While the national government tries to quietly wriggle out of any serious climate action, the Scottish government has its own Climate Change Act and cross-party support for it. Westminster failed to set 2030 targets for the energy market this year, but Scotland agreed theirs independently and are far more ambitious – 100% renewable energy by 2020. Scotland also has a Climate Justice Fund which funds adaptation projects in developing countries. The pledge I wanted to mention today was the plan announced this year to eliminate petrol and diesel cars by 2050.
- First, lead by example: charge points will be fitted at all government buildings, and government vehicles will be replaced with electric as they are retired. Dundee City Council, for example, has 39 electric cars in its pool already.
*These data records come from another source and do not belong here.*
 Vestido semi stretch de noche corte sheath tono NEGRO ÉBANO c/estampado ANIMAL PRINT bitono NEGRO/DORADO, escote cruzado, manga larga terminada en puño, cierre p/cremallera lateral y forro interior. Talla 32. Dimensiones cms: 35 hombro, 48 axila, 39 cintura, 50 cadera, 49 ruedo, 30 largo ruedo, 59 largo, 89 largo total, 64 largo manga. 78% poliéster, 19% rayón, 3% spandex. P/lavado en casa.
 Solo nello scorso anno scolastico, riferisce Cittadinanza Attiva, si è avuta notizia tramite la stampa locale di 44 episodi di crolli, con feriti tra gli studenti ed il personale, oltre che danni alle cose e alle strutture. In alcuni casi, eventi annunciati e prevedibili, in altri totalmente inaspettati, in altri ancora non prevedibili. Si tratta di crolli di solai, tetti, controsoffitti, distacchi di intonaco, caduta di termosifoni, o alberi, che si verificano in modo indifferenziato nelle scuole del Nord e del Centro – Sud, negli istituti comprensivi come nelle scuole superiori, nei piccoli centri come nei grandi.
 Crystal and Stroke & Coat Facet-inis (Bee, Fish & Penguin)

- Create the infrastructure for electric cars. Rapid charge points will be installed along Scotland’s main travel routes, at minimum intervals of 50 miles, and encourage a market for recharging. Those buying a plug-in car or hybrid are being offered a free charging point, at the government’s expense. Businesses can also apply for funding to fit charge points for employees. Ensure new developments plan for electric car use going forward.
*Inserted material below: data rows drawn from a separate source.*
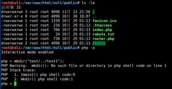但是如果我们放入一个中间值,在第一次执行能够成功创建目录,并且error_reporting还能成功执行,这时候就需要用到PHP弱类型比较,PHP中 0 == null,0 == 非数字开头的字符串。
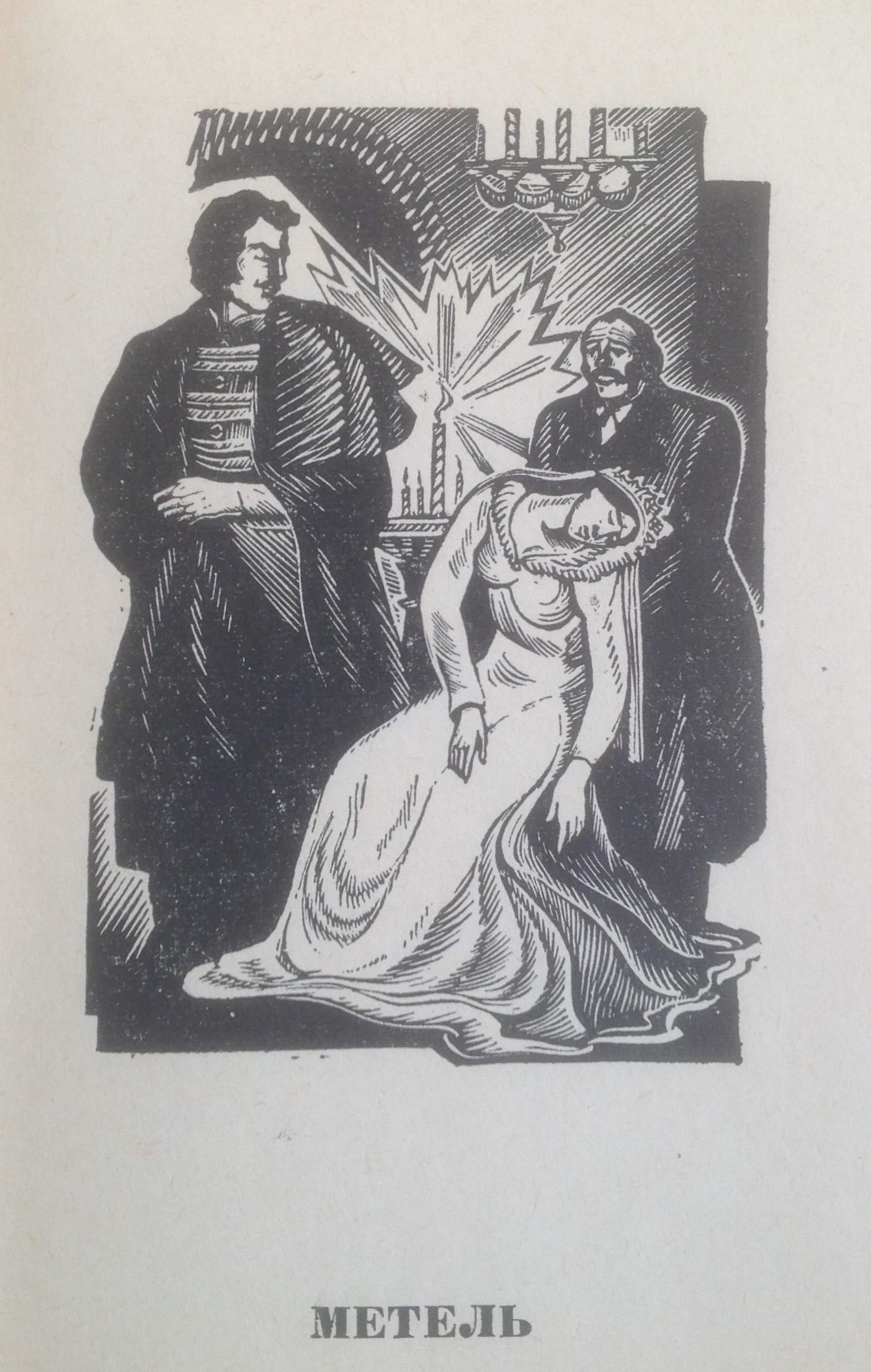 Иллюстрации — это как тизер книги (дразнилка, намекающая на содержание). Я вот и в детстве, и сейчас сначала просматриваю картинки, потом читать начинаю. И о чём же повесть "Метель", исходя из этих иллюстраций-тизера? О том как сильный духом Владимир борется с судьбой, и о незначительных персонажах (Маша, Бурмин), которых мы видим издалека.
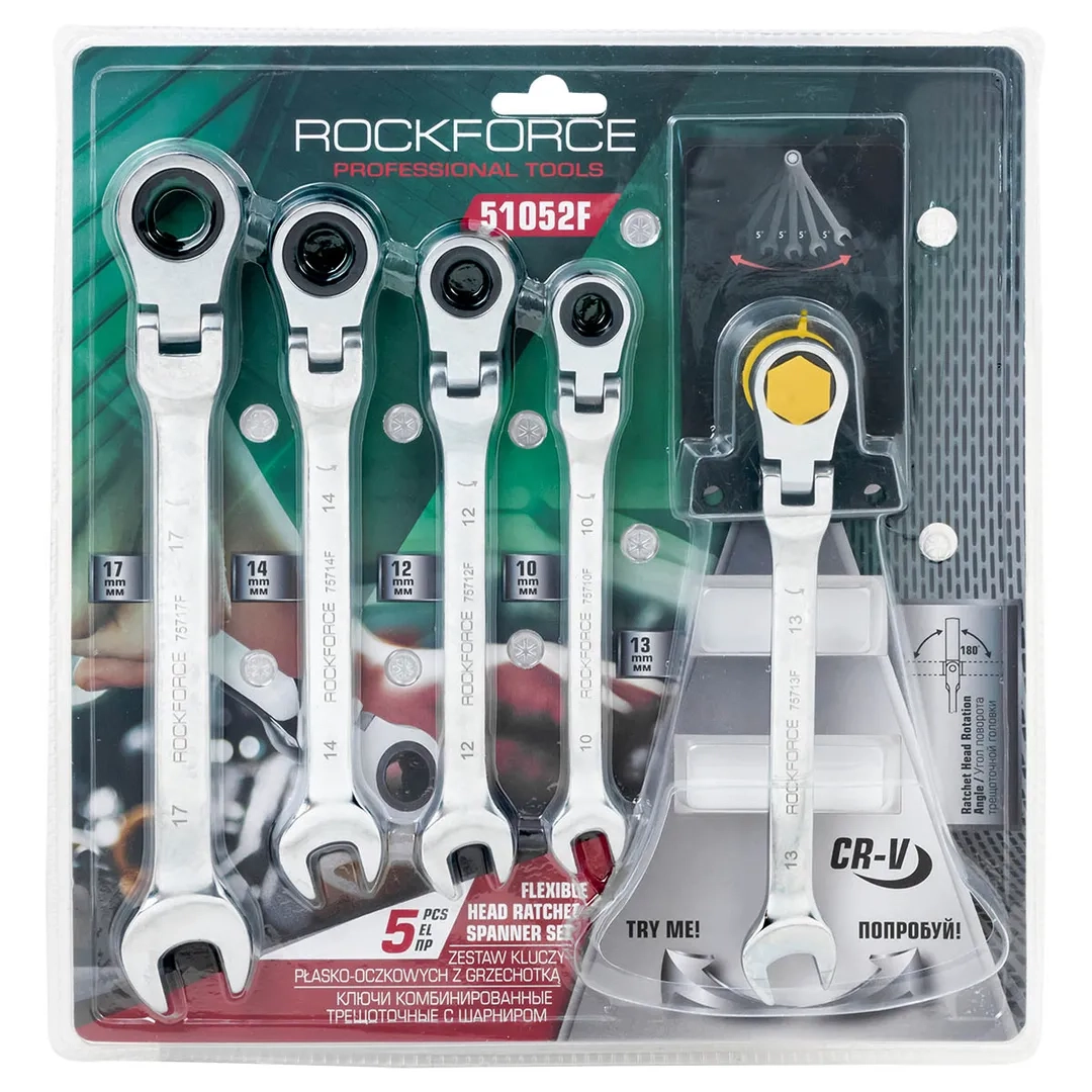 ПроизводителиКлючи комбинированные трещоточные с шарниром, 5пр. (10, 12-14, 17мм) (RF-51052F) RockFORCE

- Make electric cars more desirable than petrol cars. Opportunities here include priority or free parking, lower tolls, or exemption from charging zones. Support new business models around electric cars, such as leasing. Low emission zones in cities create a financial incentive for businesses to improve their fleets.
- Educate people about the benefits to electric cars, and raise awareness of the incentives. Review and troubleshoot.
- Legislate out the most polluting vehicles. By 2040 all vehicles sold will need to be zero emissions at the tailpipe.
Of course, none of this would be green without the pledge to decarbonise the electricity supply too. But Scotland has huge renewable energy potential and already leads the rest of Britain in wind and hydro power. The main downside is that this still assumes that car travel is inevitable, when actually I think reducing the need to travel at all is more sustainable still, as well as safer and better for communities. The problems with car culture don’t begin and end with fossil fuels – see the obesity crisis, the decline of town centres, traffic, and the fact that the more cars there are on your street, the less likely you are to know your neighbours by name.
Scotland’s vision includes plans for electric buses and a whole programme for encouraging car clubs and shared plug-in vehicles. That’s good, but I hope there are plans for walkable cities, urban transit systems and support for cycling too – a vision for life beyond the private car as our main form of transport.